未来に期待出来るとは、これ程までに生きる気力を湧き上がらせるものなのか。
そうして翠翼騎士団は帰国の途に着いたのであった。
――――その頃、シンは超高度より騎士団が引き揚げて行くのを魔法で拡大した視界で見つめていた。
オリヴィアは信頼出来るだろうが、あのルチアという女が狼藉を働かないとも限らない。
それにしてもルチアもあんな顔が出来るのか。本当にオリヴィアは皆から慕われているようだ。
あ、オリヴィアが振り返ってこっち見た。苦笑いしてるしバレてた?
恥ずかしいな……。
あぁ、それにしても綺麗だ。
超高度より見下ろす大地。
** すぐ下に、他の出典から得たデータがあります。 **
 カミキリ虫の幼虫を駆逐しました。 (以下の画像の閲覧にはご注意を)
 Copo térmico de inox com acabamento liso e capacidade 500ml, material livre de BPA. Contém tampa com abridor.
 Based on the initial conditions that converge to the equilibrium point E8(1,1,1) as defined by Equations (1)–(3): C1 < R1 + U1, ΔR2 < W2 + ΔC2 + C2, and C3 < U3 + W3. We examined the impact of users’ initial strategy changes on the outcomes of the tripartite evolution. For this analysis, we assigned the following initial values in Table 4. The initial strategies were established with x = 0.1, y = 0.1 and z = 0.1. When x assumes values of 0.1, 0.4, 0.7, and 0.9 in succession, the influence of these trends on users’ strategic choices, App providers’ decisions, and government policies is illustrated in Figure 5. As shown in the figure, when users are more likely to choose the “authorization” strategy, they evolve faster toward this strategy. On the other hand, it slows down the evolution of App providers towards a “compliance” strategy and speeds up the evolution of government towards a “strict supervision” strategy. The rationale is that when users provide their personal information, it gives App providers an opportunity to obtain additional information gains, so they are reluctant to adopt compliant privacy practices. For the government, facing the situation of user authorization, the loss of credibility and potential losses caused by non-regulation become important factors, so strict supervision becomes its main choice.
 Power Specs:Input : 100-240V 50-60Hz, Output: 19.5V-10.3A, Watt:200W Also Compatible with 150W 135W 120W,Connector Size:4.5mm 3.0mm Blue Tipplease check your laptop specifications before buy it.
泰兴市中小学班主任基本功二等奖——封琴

多くの生命が息づき、刻一刻と景色を変えていく。
いつまでも眺めていたいし、今すぐにでも色々な場所を、街を見に行きたい。
だがシンは、前世から楽しみは後に取っておくタイプだった。
いつか、ノエルと世界を見て回ろう。
オリヴィアによれば、彼女も引きこもりだったらしいから。
さて、そろそろ頃合いか。
自分の魂に細工していく。
自身の死と同時に発動する、条件式の遅延術式だ。
これは自身の魂を千年に渡り傷つけ続ける。
自己修復とのバランスを取りながら、彼女と同じ立場に自分を置いて、その時を待つのだ。
合わせて、記憶も力も引き継ぐように。
いつか彼女を見つけた時に守れるように。
勿論、平和に暮らせるのが一番だけれど。
回復魔術でも学ぶのはどうだろうか。
目立つ必要も無いし、豊かな暮らしも必要無い。
もし、彼女が他の誰かと生きることを選び、シンを拒絶したとしても。
ただ、彼女が笑って、幸せで居てくれるならそれでいい。
だから、例え寿命が何千年あっても、彼女が居ない世界をシンは生きていたくはなかった。
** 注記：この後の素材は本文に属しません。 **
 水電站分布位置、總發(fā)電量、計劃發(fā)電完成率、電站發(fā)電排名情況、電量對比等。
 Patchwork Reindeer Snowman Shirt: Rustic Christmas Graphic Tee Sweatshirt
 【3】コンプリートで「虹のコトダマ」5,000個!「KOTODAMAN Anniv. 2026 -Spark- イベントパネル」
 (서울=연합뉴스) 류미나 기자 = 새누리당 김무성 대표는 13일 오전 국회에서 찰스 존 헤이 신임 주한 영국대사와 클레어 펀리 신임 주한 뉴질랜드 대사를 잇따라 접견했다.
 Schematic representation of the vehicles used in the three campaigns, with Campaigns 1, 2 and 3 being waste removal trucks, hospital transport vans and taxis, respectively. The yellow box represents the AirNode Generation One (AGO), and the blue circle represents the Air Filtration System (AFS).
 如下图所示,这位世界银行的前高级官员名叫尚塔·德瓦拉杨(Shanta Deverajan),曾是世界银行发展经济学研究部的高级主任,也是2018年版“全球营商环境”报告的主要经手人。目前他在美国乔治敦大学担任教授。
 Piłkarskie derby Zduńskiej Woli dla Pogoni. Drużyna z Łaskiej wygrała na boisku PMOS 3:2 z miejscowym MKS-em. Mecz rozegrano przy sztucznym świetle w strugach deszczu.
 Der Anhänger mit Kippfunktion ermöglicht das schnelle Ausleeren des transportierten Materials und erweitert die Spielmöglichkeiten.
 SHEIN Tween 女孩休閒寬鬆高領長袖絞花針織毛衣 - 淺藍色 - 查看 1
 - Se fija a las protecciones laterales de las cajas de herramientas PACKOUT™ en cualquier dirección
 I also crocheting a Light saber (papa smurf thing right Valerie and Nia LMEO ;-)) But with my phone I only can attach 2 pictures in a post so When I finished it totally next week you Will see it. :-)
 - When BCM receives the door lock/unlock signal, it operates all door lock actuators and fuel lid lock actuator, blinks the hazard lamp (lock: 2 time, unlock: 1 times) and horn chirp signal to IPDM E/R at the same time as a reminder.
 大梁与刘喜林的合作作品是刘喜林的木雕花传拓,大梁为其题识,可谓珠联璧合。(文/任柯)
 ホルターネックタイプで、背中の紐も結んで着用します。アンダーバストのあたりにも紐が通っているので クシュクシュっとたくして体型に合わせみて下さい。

唯一、気色悪いストーカーだと思われないかが心配だが、彼女が待っていると言ってくれた言葉が本音だと信じるしか無い。
それに……どうせならイケメンに生まれ変わりたい! そうだろ!?
あのルチアとかいう女も俺がイケメンだったら態度が違ったに違いない……と根に持っているシンであった。
そして、来世こそ、来世こそ! 脱!! 童貞!!!
「よし、死のう!」
アルトヘイヴンの大地の遥か上空で、二度目の巨大な極彩色の閃光が観測された。
一つ目の強大な閃光を皮切りに、連鎖するように夜空を照らした多くの光は、まるで花のようであったという。
誰かが、神の祝福かと漏らすと、人々は空に向かい祈りを捧げた。
「シンタロウ・オウミ。……面白い」
黒い、小さな影は呟く。
それは光が消えたのを見届けて、静かに夜空に溶けていく。
――――やがて、季節が夏へと変わる頃、謎の男が邪神を打ち倒したとの報が世界中を駆け巡る。
世間ではまことしやかに、邪神に囚われた悲劇のお姫様と、異世界からやってきた名も無き魔法詠唱者の噂話が流れていた。
いつしかそれは形を変え、おとぎ話として語られるようになる――――。